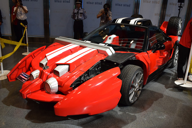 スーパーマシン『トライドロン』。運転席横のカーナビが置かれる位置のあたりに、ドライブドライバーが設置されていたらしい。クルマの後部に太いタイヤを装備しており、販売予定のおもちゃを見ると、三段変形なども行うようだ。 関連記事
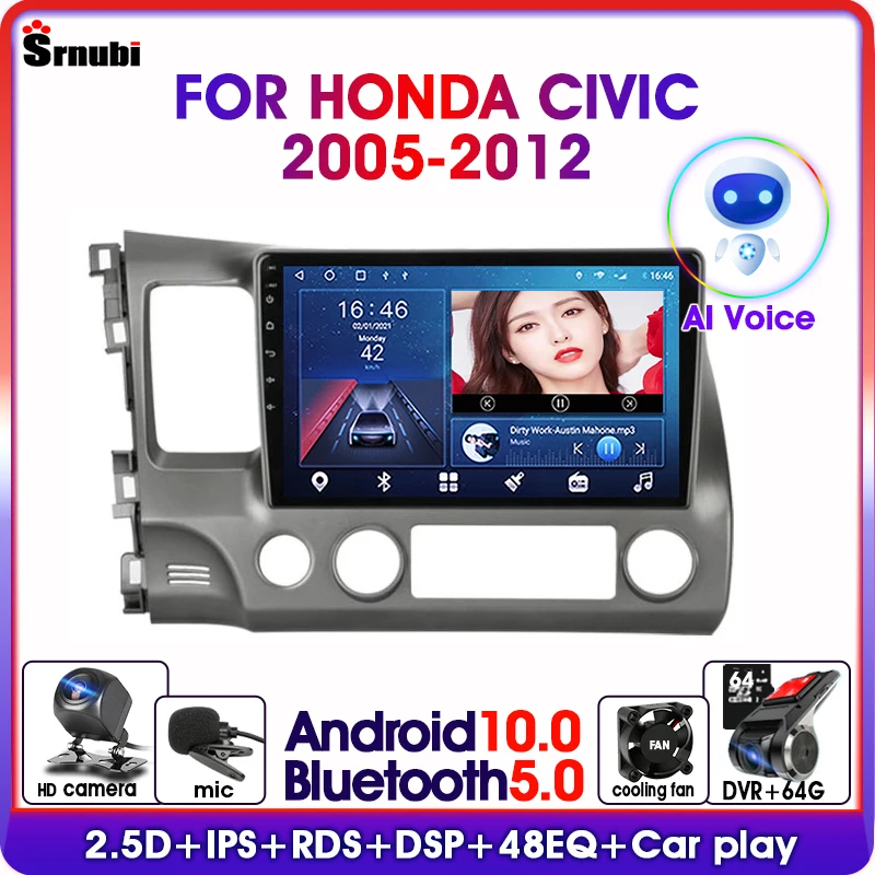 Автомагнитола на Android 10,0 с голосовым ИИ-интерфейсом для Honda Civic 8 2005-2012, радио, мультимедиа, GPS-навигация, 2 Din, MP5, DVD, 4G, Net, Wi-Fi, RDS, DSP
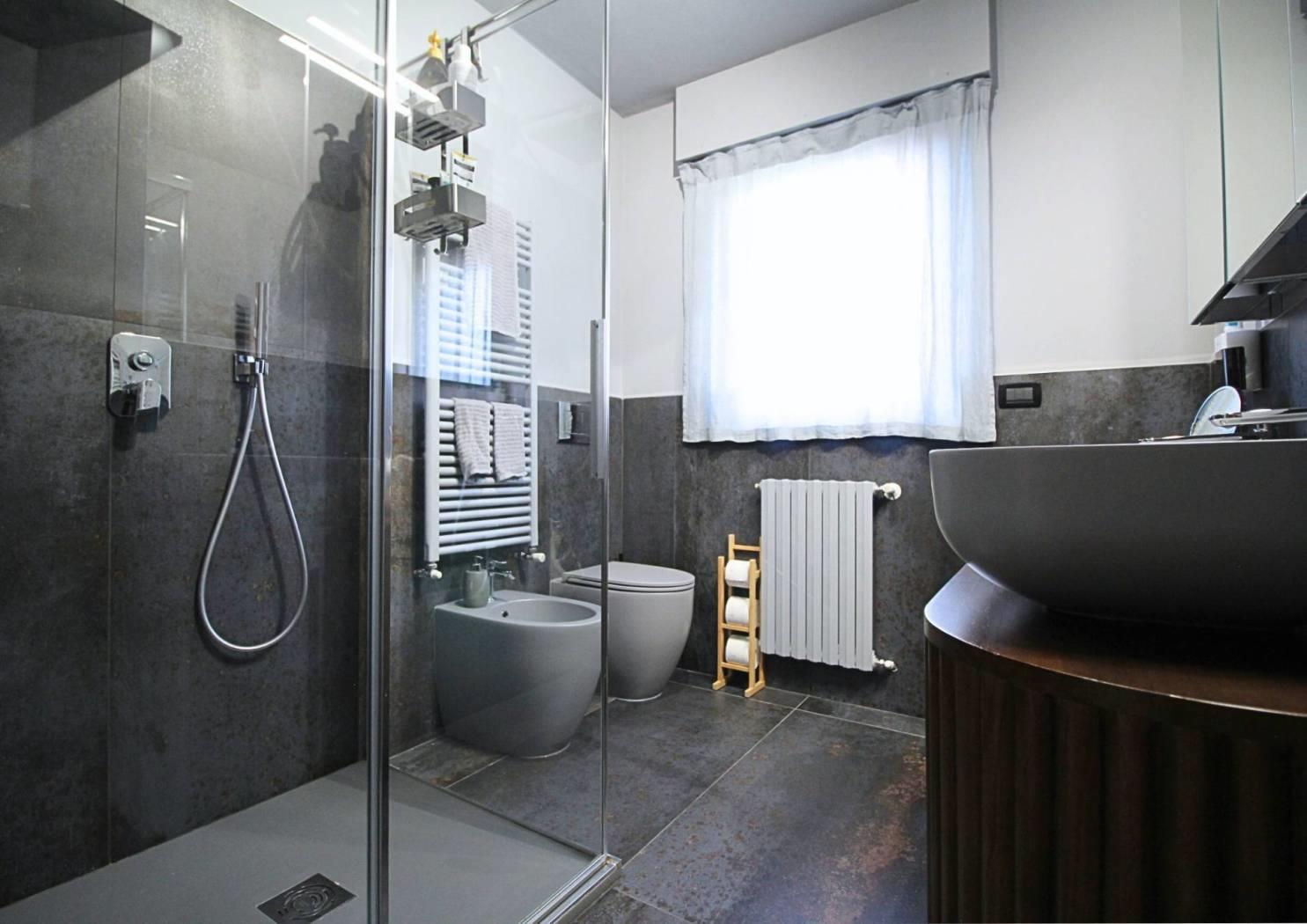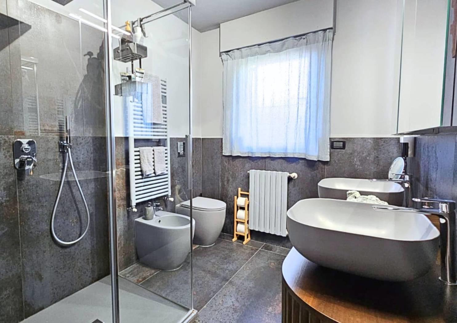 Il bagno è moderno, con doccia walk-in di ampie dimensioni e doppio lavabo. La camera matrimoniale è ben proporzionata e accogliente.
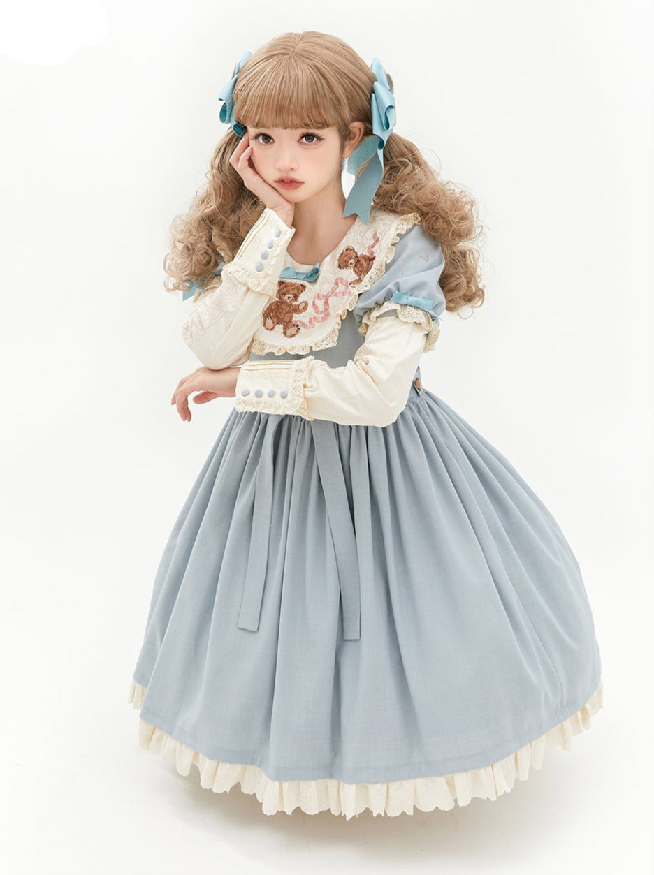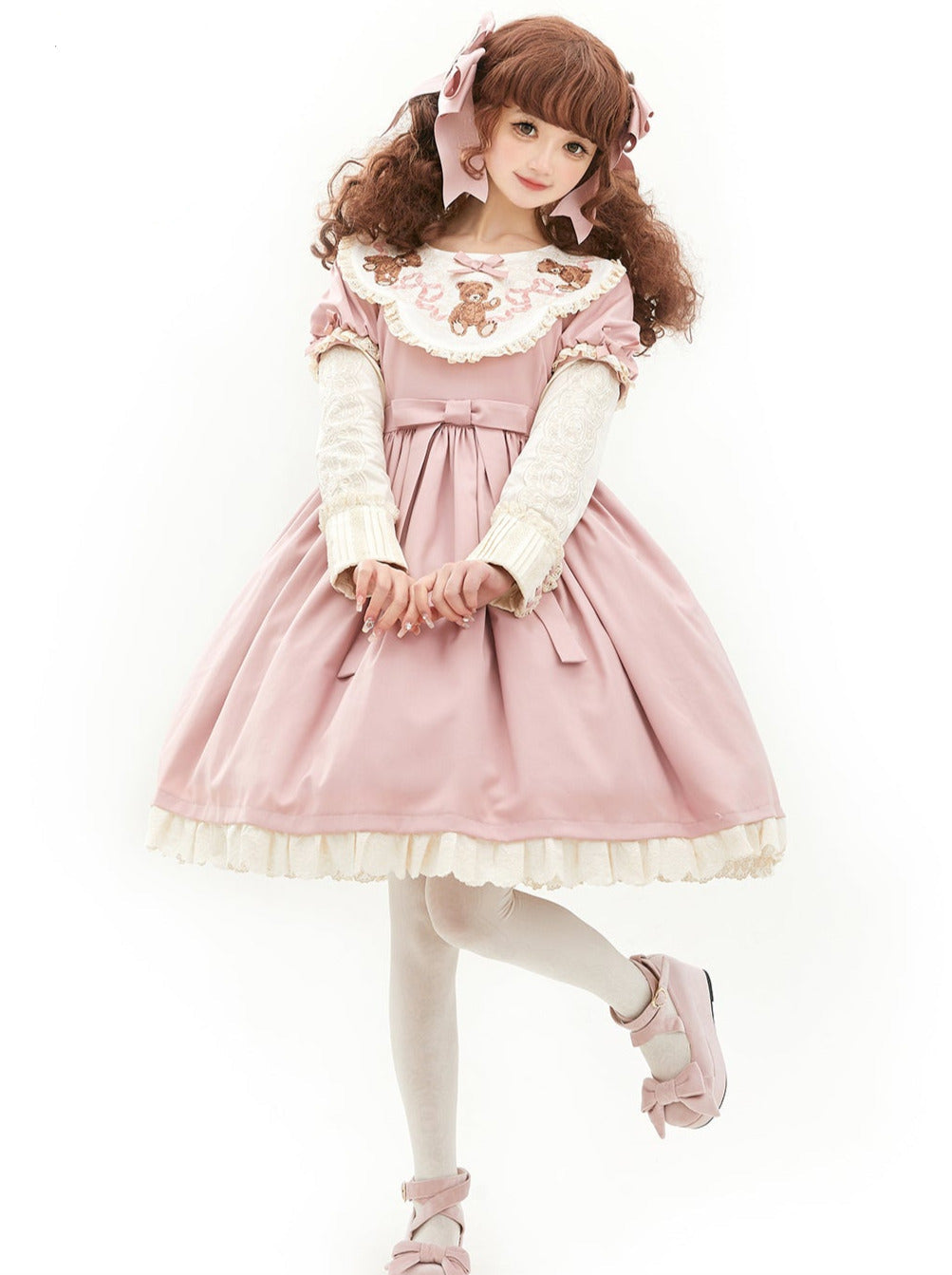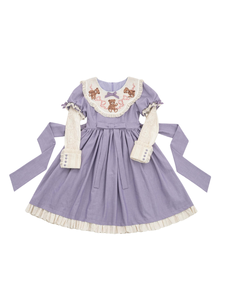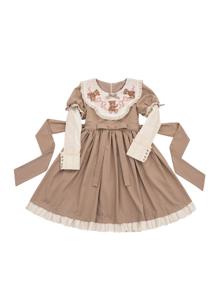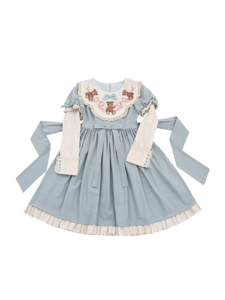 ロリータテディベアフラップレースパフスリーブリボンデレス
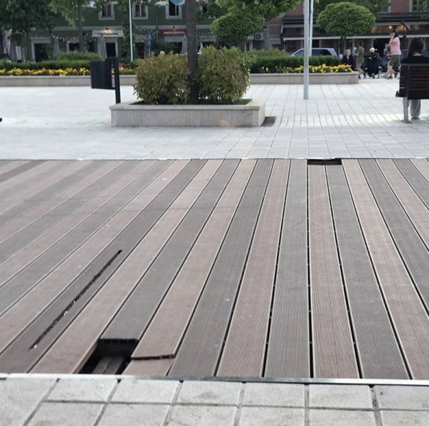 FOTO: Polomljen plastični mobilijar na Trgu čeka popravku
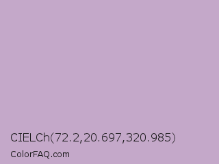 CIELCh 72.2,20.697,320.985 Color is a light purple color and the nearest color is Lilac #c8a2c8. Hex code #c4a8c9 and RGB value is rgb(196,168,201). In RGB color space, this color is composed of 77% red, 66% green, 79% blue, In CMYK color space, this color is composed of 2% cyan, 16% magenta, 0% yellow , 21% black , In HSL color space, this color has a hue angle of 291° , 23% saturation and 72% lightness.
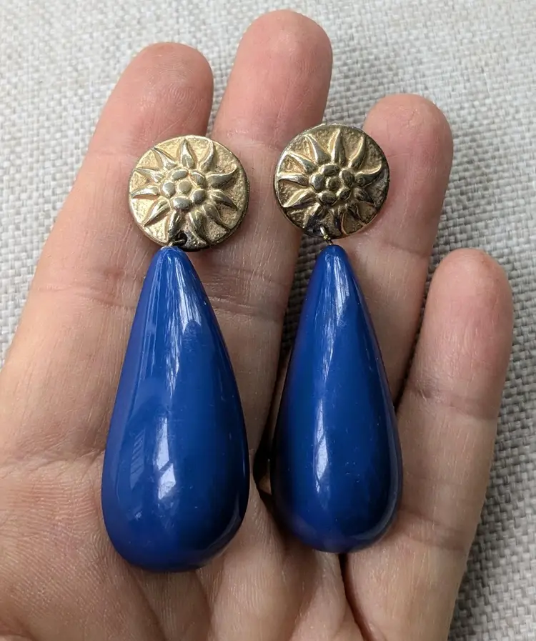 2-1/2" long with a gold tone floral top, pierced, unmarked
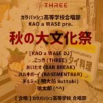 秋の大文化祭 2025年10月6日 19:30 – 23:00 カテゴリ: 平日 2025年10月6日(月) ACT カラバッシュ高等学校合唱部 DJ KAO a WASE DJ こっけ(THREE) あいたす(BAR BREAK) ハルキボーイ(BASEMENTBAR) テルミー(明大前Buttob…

════════

**Task details**:
Print, exactly and with no pictures, the lines of the listing above starting at the one that has "Il bagno è moderno, con" and ending at the one that has "top, pierced, unmarked", both included.

**Exercise response**:
 Il bagno è moderno, con doccia walk-in di ampie dimensioni e doppio lavabo. La camera matrimoniale è ben proporzionata e accogliente.
 ロリータテディベアフラップレースパフスリーブリボンデレス
 FOTO: Polomljen plastični mobilijar na Trgu čeka popravku
 CIELCh 72.2,20.697,320.985 Color is a light purple color and the nearest color is Lilac #c8a2c8. Hex code #c4a8c9 and RGB value is rgb(196,168,201). In RGB color space, this color is composed of 77% red, 66% green, 79% blue, In CMYK color space, this color is composed of 2% cyan, 16% magenta, 0% yellow , 21% black , In HSL color space, this color has a hue angle of 291° , 23% saturation and 72% lightness.
 2-1/2" long with a gold tone floral top, pierced, unmarked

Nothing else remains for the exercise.